The HL-60 cultured cell line provides a continuous source of human cells for studying the molecular events of myeloid differentiation and the effects of physiologic, pharmacologic, and virologic elements on this process. HL-60 cell model was used to study the effect of DNA topoisomerase (topo) IIα and IIβ on differentiation and apoptosis of cells[4] and is especially useful in dielectrophoresis studies,[5] which require an aqueous environment with suspended and round cells. Furthermore, these cells have been used in order to investigate whether intracellular calcium plays a role in caspase activation induced by reactive oxygen species.[6]

Chromatin and gene expression profiling in HL-60 cells and differentiated cells derived from these has been performed recently.[7]

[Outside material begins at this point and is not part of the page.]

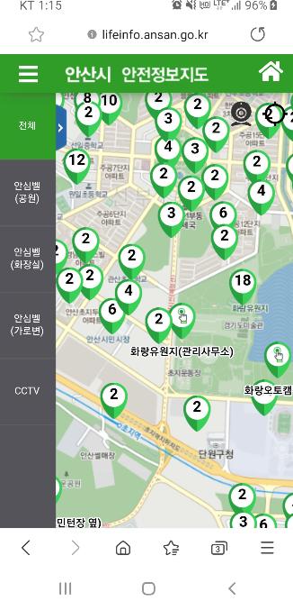 또한 생활정보지도 홈페이지의 안전정보(안산시 CCTV 및 안심비상벨위치)에 접속해도 동일한 서비스를 이용할 수 있다.

  1. ^ a b Gallagher R, Collins S, Trujillo J, et al. (1979). "Characterization of the continuous, differentiating myeloid cell line (HL-60) from a patient with acute promyelocytic leukemia". Blood. 54 (3): 713–733. doi:10.1182/blood.V54.3.713.713. PMID 288488.[permanent dead link]
  2. ^ Dalton WT, Jr; Ahearn, MJ; McCredie, KB; Freireich, EJ; Stass, SA; Trujillo, JM (January 1988). "HL-60 cell line was derived from a patient with FAB-M2 and not FAB-M3". Blood. 71 (1): 242–7. doi:10.1182/blood.V71.1.242.242. PMID 3422031.

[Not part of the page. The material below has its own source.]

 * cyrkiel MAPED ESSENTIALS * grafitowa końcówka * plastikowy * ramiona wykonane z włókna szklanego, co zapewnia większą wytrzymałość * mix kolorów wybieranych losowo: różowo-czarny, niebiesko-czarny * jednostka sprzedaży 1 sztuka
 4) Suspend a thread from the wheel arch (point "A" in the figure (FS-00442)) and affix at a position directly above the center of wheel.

  3. ^ Breitman, T, S. Collins, B. Keene (1980). "Replacement of serum by insulin and transferrin supports growth and differentiation of the human promyelocytic leukemia cell line, HL-60". Exp. Cell Res. 126 (2): 494–498. doi:10.1016/0014-4827(80)90296-7. PMID 6988226.((cite journal)): CS1 maint: multiple names: authors list (link)
  4. ^ Sugimoto, K, K. Yamada, M. Egashira, Y. yazaki, H. Hirai, A. Kikuchi and K. Oshimi (1998). "Temporal and Spatial Distribution of DNA Topoisomerase II Alters During Proliferation, Differentiation, and Apoptosis in HL-60 Cells". Blood. 91 (4): 1407–1417. doi:10.1182/blood.V91.4.1407. PMID 9454772.((cite journal)): CS1 maint: multiple names: authors list (link)

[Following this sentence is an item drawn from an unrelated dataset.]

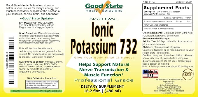 - HIGH ABSORPTION: Good State's liquid potassium supplement, with its ionic mineral properties, facilitates effortless absorption and utilization by the body. By reducing the energy required for particle movement, our potassium drops swiftly enter the bloodstream upon ingestion.

  5. ^ Ratanachoo, K., Gascoyne, P.R.C. and Ruchirawat, M. (2002). "Detection of cellular responses to toxicants by dielectrophoresis". Biochim. Biophys. Acta. 1564 (2): 449–458. doi:10.1016/S0005-2736(02)00494-7. PMC 2726261. PMID 12175928.((cite journal)): CS1 maint: multiple names: authors list (link)
  6. ^ González D., Bejarano I., Barriga C., Rodríguez A.B., Pariente J.A. (2010). "Oxidative Stress-Induced Caspases are Regulated in Human Myeloid HL-60 Cells by Calcium Signal". Current Signal Transduction Therapy. 5 (2): 181–186. doi:10.2174/157436210791112172.((cite journal)): CS1 maint: multiple names: authors list (link)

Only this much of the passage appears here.